1. Field of the Invention
The invention relates generally to earth-boring bits used to drill a borehole for the ultimate recovery of oil, gas, or minerals. More particularly, the invention relates to drill bits designed to shift the orientation of its axis in a predetermined direction as it drills. Still more particularly, the invention relates to a drill bit having inclination reducing or “dropping” tendencies.
2. Background of the Invention
An earth-boring drill bit is typically mounted on the lower end of a drill string and is rotated by rotating the drill string at the surface or by actuation of downhole motors or turbines, or by both methods. With weight applied to the drill string, the rotating drill bit engages the earthen formation and proceeds to form a borehole along a predetermined path toward a target zone. The borehole thus created will have a diameter generally equal to the diameter or “gage” of the drill bit.
Many different types of drill bits and cutting structures for bits have been developed and found useful in drilling such boreholes. Two predominate types of rock bits are roller cone bits and fixed cutter (or rotary drag) bits. Many fixed cutter bit designs include a plurality of blades that project radially outward from the bit body and form flow channels there between. Typically, cutter elements are grouped and mounted on the several blades.
The cutter elements disposed on the several blades of a fixed cutter bit are typically formed of extremely hard materials and include a layer of polycrystalline diamond (“PD”) material. In the typical fixed cutter bit, each cutter element or assembly comprises an elongate and generally cylindrical support member which is received and secured in a pocket formed in the surface of one of the several blades. A cutter element typically has a hard cutting layer of polycrystalline diamond or other superabrasive material such as cubic boron nitride, thermally stable diamond, polycrystalline cubic boron nitride, or ultrahard tungsten carbide (meaning a tungsten carbide material having a wear-resistance that is greater than the wear-resistance of the material forming the substrate) as well as mixtures or combinations of these materials. The cutting layer is exposed on one end of its support member, which is typically formed of tungsten carbide. For convenience, as used herein, reference to “PD bit” or “PD cutter element” refers to a fixed cutter bit or cutter element employing a hard cutting layer of polycrystalline diamond or other superabrasive material such as cubic boron nitride, thermally stable diamond, polycrystalline cubic boron nitride, or ultrahard tungsten carbide.
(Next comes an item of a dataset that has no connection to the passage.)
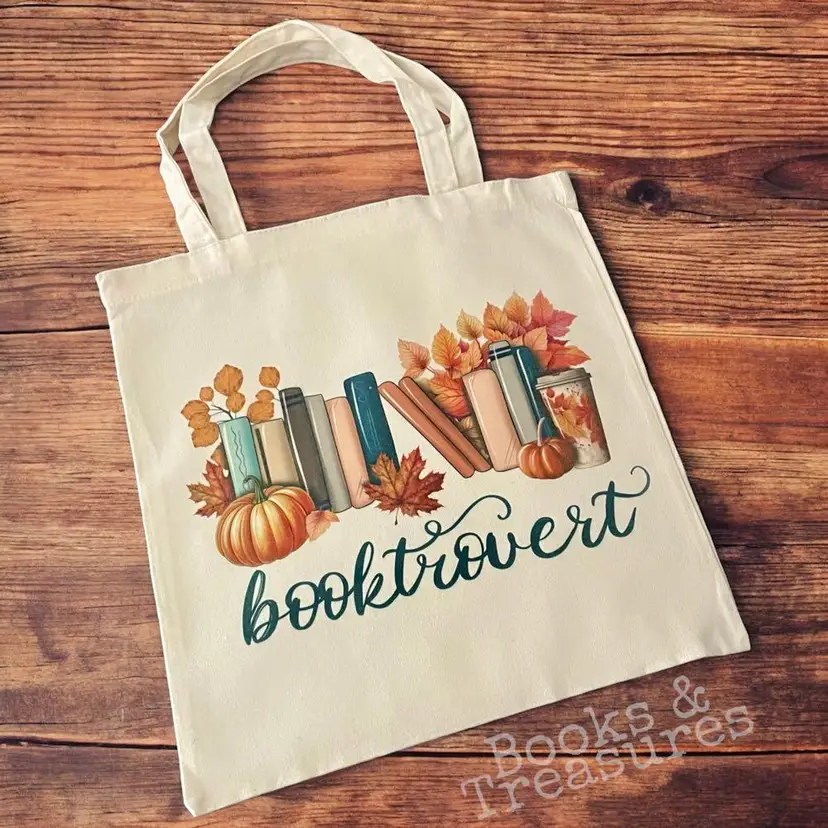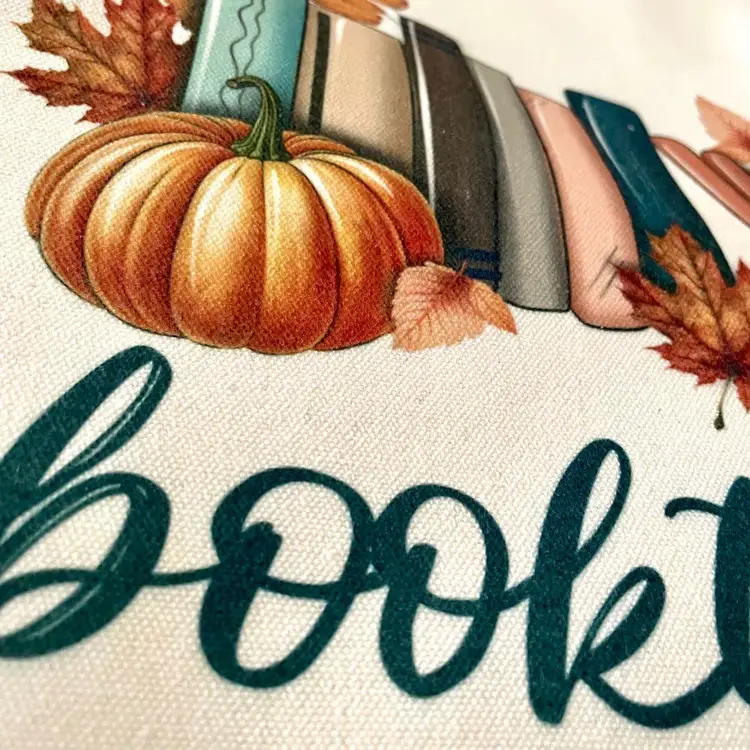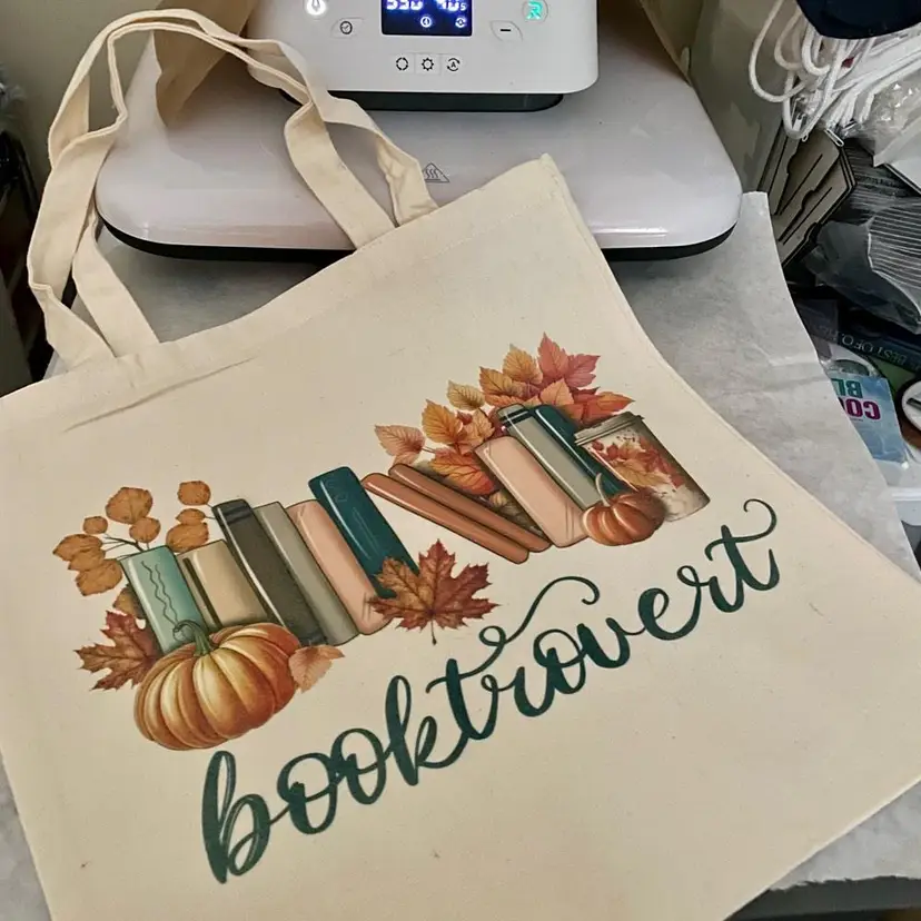 This bag has an adorable bookish fall design on one side. A gorgeous image of books surrounded by pumpkins and leaves. The bag measures 15x16”. Due to the handmade nature of our items placement, image size, and coloring may look slightly different than pictured.

While the bit is rotated, drilling fluid is pumped through the drill string and directed out of the drill bit. The fixed cutter bit typically includes nozzles or fixed ports spaced about the bit face that serve to inject drilling fluid into the flow passageways between the several blades. The flowing fluid performs several important functions. The fluid removes formation cuttings from the bit's cutting structure. Otherwise, accumulation of formation materials on the cutting structure may inhibit or prevent the penetration of the cutting structure into the formation. In addition, the fluid removes cut formation materials from the bottom of the borehole. Failure to remove formation materials from the bottom of the borehole may result in subsequent passes by the cutting structure to re-cut the same materials, thus reducing cutting rate and potentially increasing wear on the cutting surfaces. The drilling fluid and cuttings removed from the bit face and from the bottom of the borehole are forced and carried to the surface through the annulus that exists between the drill string and the borehole sidewall. Still further, the drilling fluid removes frictional heat from the cutter elements in order to prolong cutter element life. Thus, the number and placement of drilling fluid nozzles, and the resulting flow of drilling fluid, may significantly impact the performance of the drill bit.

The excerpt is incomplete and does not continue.